Source records:
>>

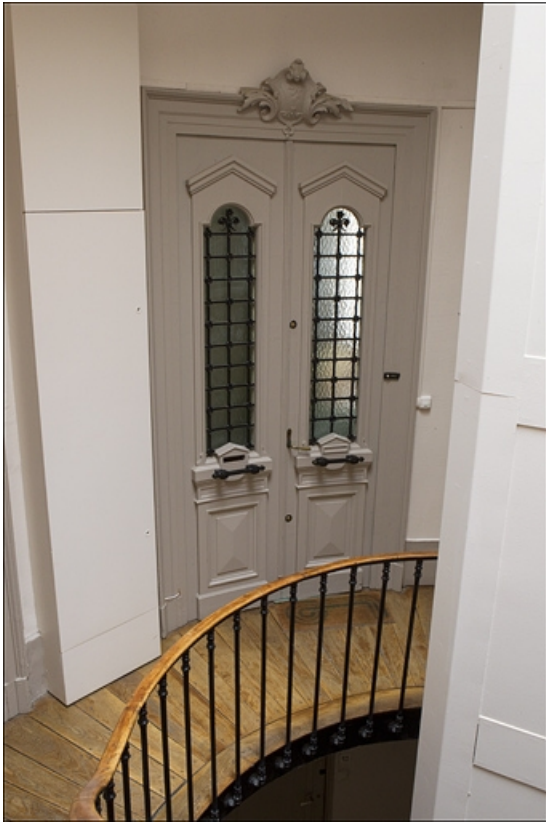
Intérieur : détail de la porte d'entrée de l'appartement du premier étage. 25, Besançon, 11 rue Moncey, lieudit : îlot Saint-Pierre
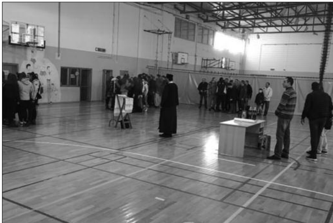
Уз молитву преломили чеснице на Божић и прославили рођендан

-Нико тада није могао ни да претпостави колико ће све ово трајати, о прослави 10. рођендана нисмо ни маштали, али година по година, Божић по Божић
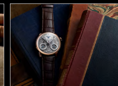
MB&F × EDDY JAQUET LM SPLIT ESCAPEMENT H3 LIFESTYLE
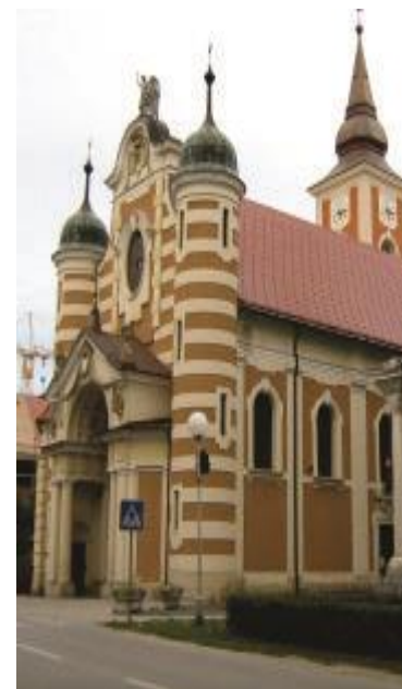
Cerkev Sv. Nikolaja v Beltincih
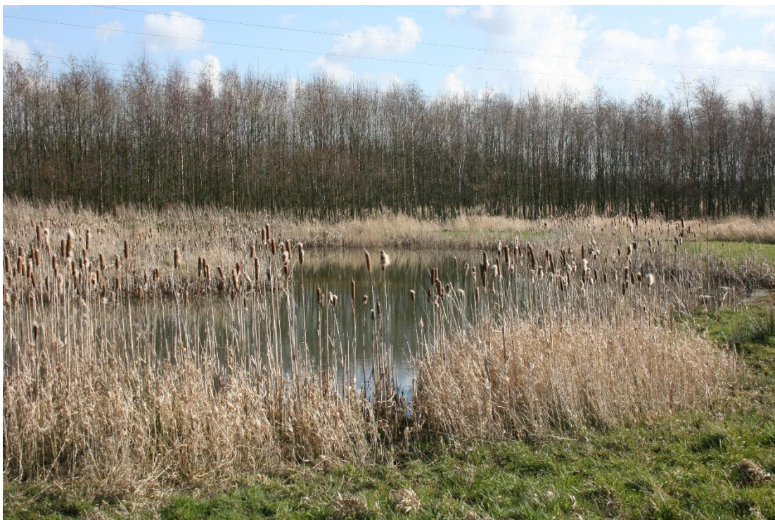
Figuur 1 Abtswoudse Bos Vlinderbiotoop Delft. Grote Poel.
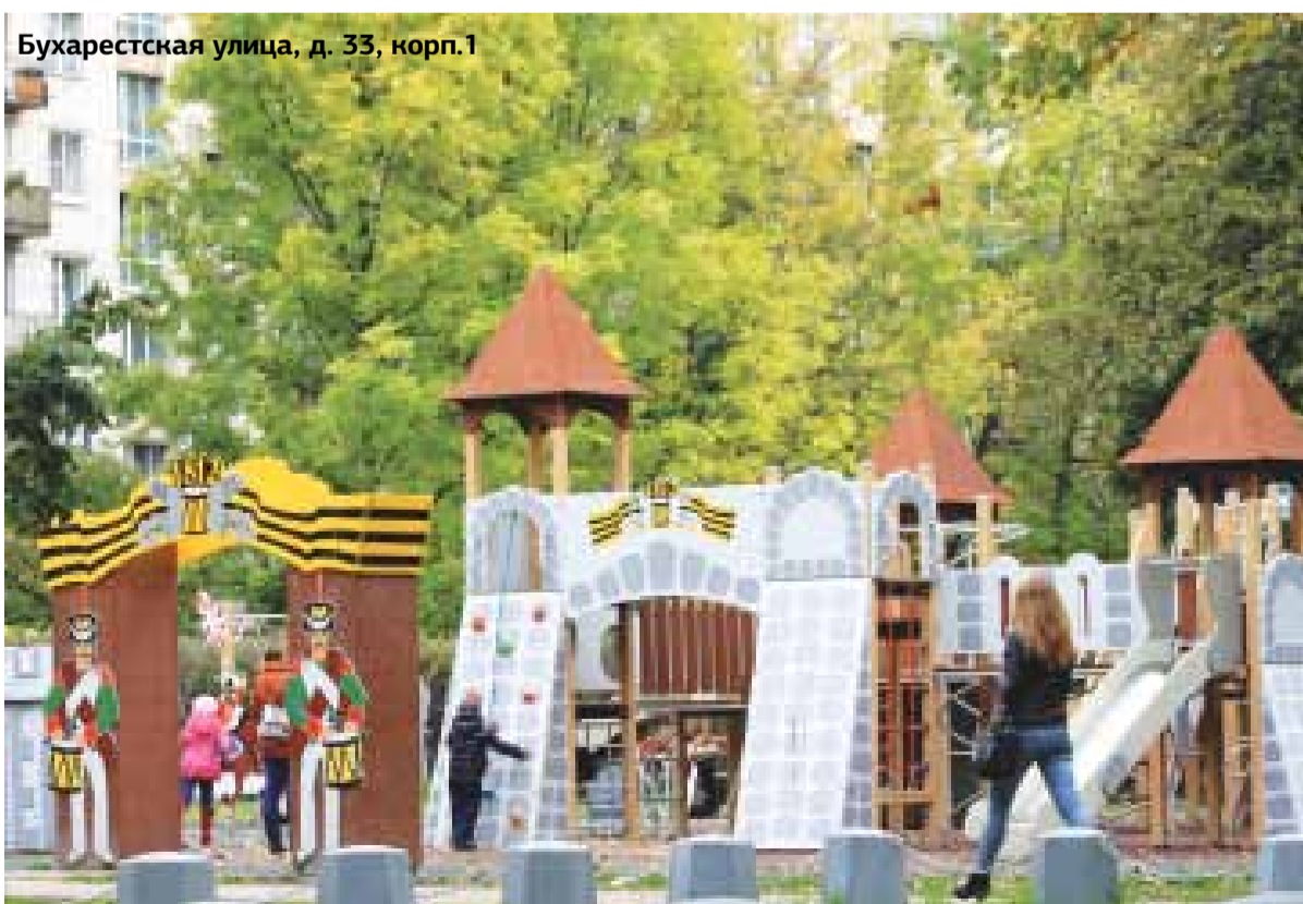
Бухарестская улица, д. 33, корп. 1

<<

Task brief:
Nothing but the lines from the beginning of the material through the line with "Уз молитву преломили" should appear, printed exactly, with no pictures among them.

Response to this exercise:
Intérieur : détail de la porte d'entrée de l'appartement du premier étage. 25, Besançon, 11 rue Moncey, lieudit : îlot Saint-Pierre
Уз молитву преломили чеснице на Божић и прославили рођендан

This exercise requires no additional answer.